__DIRECTIONS FOR THIS TASK__
In the entries below, which lines run from the one with "Cel mai recent" through the one with "Genre: Rap Category: CD"? Repeat exactly those, both included, and no pictures.

__DATASET RECORDS__
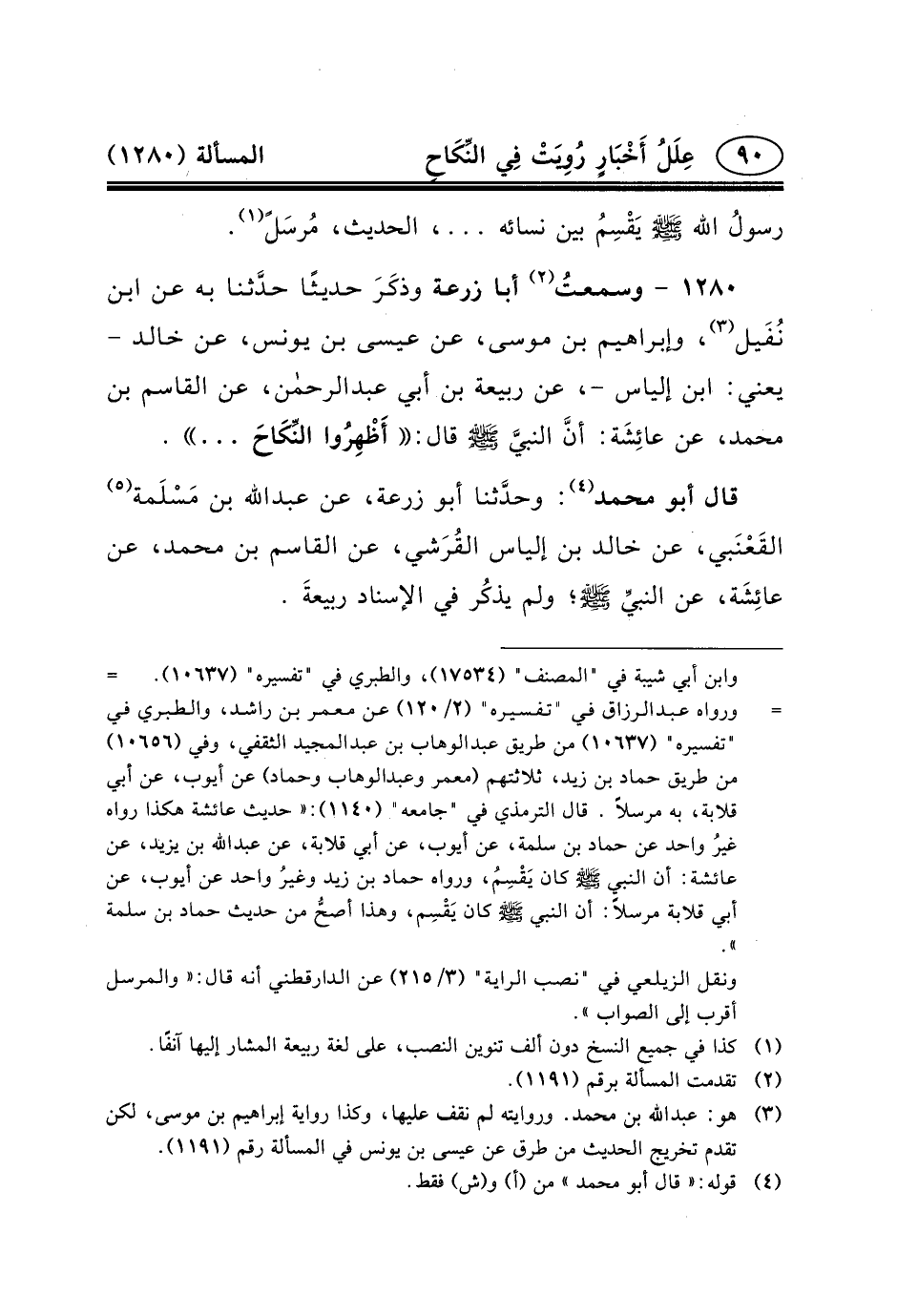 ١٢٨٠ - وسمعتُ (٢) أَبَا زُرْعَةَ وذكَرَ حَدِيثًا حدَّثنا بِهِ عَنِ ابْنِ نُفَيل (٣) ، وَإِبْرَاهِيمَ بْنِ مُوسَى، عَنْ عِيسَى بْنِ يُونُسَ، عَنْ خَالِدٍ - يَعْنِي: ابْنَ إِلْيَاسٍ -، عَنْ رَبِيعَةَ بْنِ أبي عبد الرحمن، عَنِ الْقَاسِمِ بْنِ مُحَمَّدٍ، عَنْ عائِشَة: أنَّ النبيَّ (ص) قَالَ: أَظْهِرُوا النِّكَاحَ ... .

==

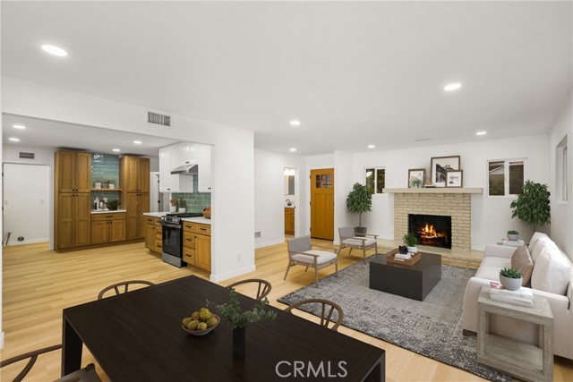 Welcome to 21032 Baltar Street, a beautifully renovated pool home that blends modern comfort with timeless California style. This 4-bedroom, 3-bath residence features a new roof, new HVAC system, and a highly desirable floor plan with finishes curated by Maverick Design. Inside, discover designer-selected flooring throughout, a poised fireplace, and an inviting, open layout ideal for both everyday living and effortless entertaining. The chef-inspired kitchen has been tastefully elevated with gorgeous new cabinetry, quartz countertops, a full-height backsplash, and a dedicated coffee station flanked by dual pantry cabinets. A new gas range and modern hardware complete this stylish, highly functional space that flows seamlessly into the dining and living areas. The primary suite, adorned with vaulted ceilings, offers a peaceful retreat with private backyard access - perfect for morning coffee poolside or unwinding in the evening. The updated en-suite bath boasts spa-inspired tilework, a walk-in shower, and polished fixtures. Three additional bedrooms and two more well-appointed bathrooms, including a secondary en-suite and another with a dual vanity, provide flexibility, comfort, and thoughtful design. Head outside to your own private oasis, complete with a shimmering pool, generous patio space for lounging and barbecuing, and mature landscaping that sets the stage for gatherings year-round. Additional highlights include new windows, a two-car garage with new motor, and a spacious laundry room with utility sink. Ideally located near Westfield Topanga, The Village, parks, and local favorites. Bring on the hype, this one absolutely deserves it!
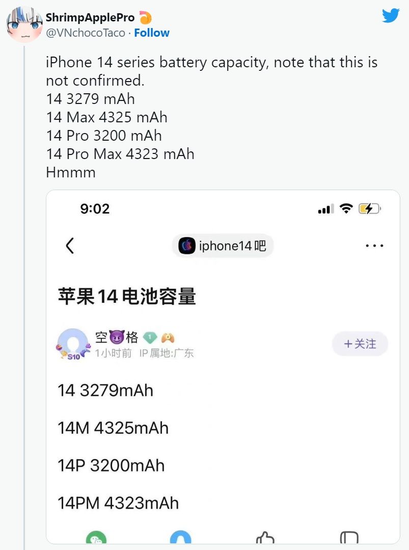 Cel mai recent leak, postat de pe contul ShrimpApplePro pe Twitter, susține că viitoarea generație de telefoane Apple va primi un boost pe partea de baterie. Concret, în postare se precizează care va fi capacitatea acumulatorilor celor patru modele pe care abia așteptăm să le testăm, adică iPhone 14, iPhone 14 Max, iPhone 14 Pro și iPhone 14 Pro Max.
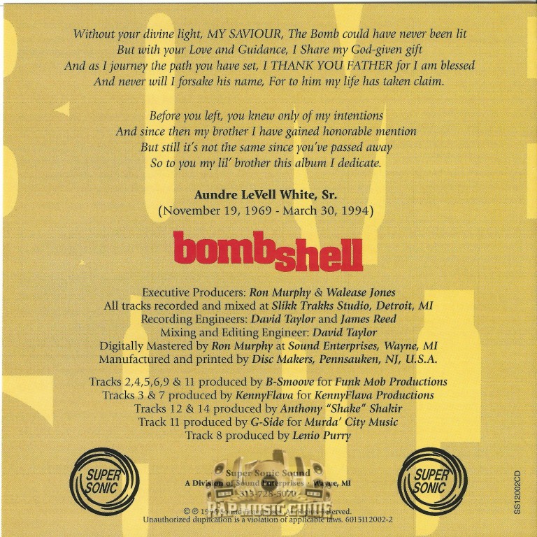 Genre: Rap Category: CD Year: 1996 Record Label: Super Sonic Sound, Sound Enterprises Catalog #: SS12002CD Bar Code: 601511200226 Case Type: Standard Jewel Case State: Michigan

__SOLVED EXERCISE__
 Cel mai recent leak, postat de pe contul ShrimpApplePro pe Twitter, susține că viitoarea generație de telefoane Apple va primi un boost pe partea de baterie. Concret, în postare se precizează care va fi capacitatea acumulatorilor celor patru modele pe care abia așteptăm să le testăm, adică iPhone 14, iPhone 14 Max, iPhone 14 Pro și iPhone 14 Pro Max.
 Genre: Rap Category: CD Year: 1996 Record Label: Super Sonic Sound, Sound Enterprises Catalog #: SS12002CD Bar Code: 601511200226 Case Type: Standard Jewel Case State: Michigan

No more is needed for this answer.